Ecuador's 'Children of the Sea' Help to Save a Hummingbird
Over the last three years, 50 schoolchildren and 20 adults from the community of Las Tunas, along Ecuador's Pacific Coast, have collected and recycled more than 1 million plastic bottles. Their efforts are part of the "Children of the Sea" recycling program, which holds weekly beach clean-ups and aims to maintain a “zero waste zone” in the community.
The bottles are re-purposed into artisan crafts, such as handbags, and sold by a local women's group.

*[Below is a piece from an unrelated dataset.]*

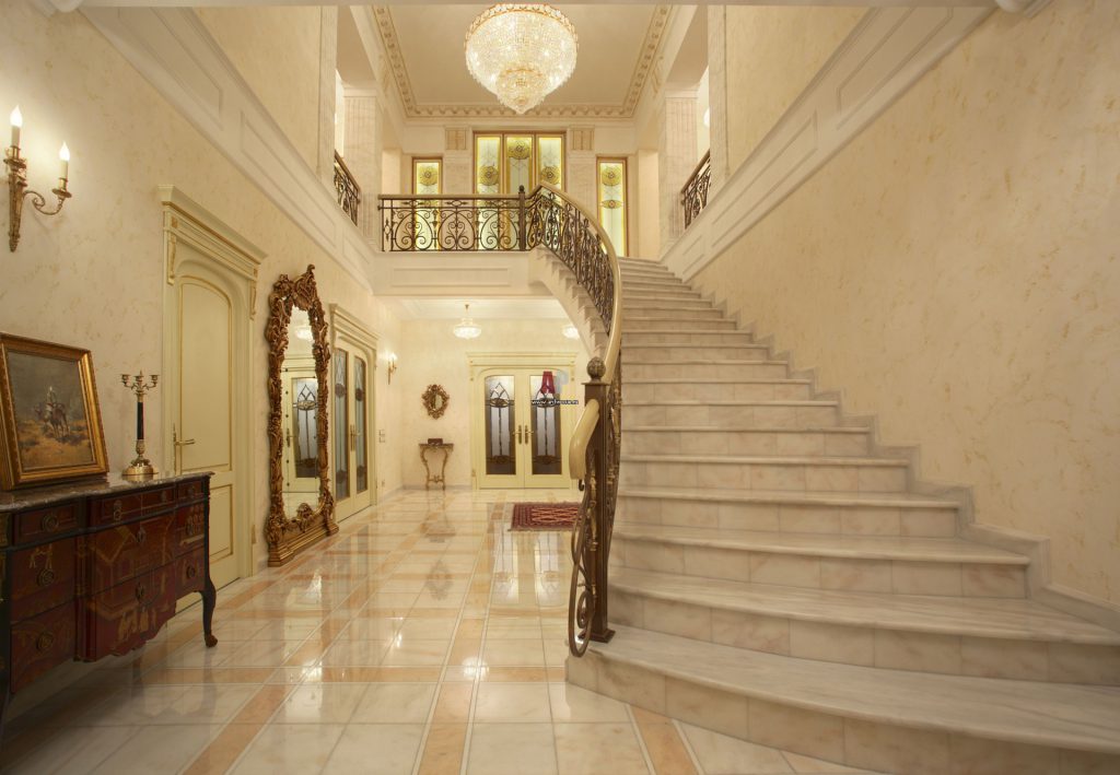Admirez les décorations des couloirs en imitant la pose de pierre ou de brique, mais en même temps, il est préférable de les décorer avec des ornements ou des gravures délicats.

Community trash cleanup days have become a regular event around the 38-acre Ayampe Reserve, established in 2012 by Fundación Jocotoco with support from American Bird Conservancy. This reserve, along the Ayampe River on the coast, protects the most important known breeding site for the Esmeraldas Woodstar, a highly endangered hummingbird.
The reserve's coastal forests and mangroves also host migratory Watch List species including Olive-sided Flycatcher, Marbled Godwit, and Lesser Yellowlegs.

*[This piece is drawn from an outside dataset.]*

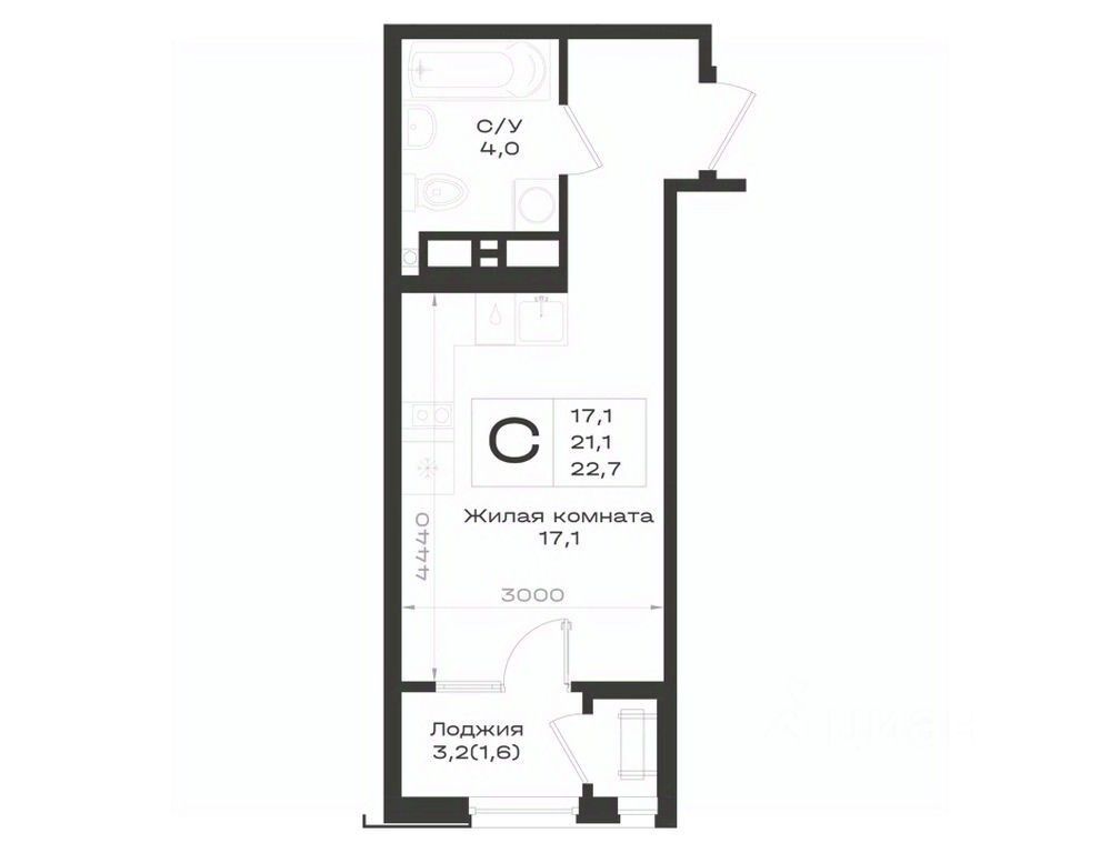 Общая площадь22,7 м²

Barely bigger than a bumblebee, the Esmeraldas Woodstar, known by locals as Estrellita, or "Little Star," is a striking bird. But fewer than 1,000 individuals are thought to remain, making conservation of this tiny hummingbird an urgent priority.
Like the Children of the Sea program, conservation efforts in this area involve local communities across several thousand acres of communal land to benefit the bird, the watershed, and the community.